### What the task asks
Because only the text is wanted, repeat the records below exactly and omit the pictures.

(Stored data)
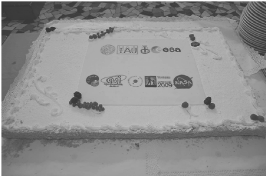
Figure 4. A view of the conference dinner held in Palazzo Zacco (Army's Officers Club), and the gorgeous cake.
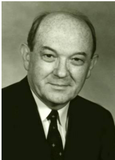
Former Secretary of State Dean Rusk argued that the 1965 Act “gives preferences to certain types of people in terms of training and talent.”

“This bill [HR 2580] itself draws some distinctions in favor of, gives preferences to certain types of people in terms of talent and training. It is not one which others have objected to. We haven’t had any indication of disagreement on that from abroad, from any government, certainly.... We are dealing here with a level of immigration that is fully within our ability to absorb, and our needs as a Nation to receive...we do not get the impression that 3 billion people are all at the starting line, waiting to take off to come to this country, just as soon as the bill is passed.” (HR Book 1, pp. 97, 105, 105)
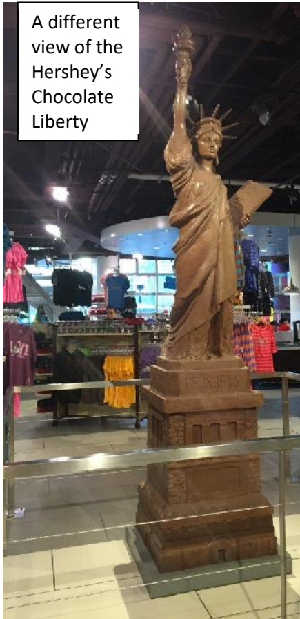
A different view of the Hershey's Chocolate Liberty
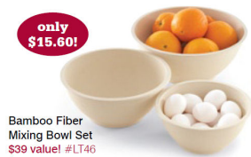
Bamboo Fiber Mixing Bowl Set $39 value! #LT46

### Worked solution
Figure 4. A view of the conference dinner held in Palazzo Zacco (Army's Officers Club), and the gorgeous cake.
Former Secretary of State Dean Rusk argued that the 1965 Act “gives preferences to certain types of people in terms of training and talent.”

“This bill [HR 2580] itself draws some distinctions in favor of, gives preferences to certain types of people in terms of talent and training. It is not one which others have objected to. We haven’t had any indication of disagreement on that from abroad, from any government, certainly.... We are dealing here with a level of immigration that is fully within our ability to absorb, and our needs as a Nation to receive...we do not get the impression that 3 billion people are all at the starting line, waiting to take off to come to this country, just as soon as the bill is passed.” (HR Book 1, pp. 97, 105, 105)
A different view of the Hershey's Chocolate Liberty
Bamboo Fiber Mixing Bowl Set $39 value! #LT46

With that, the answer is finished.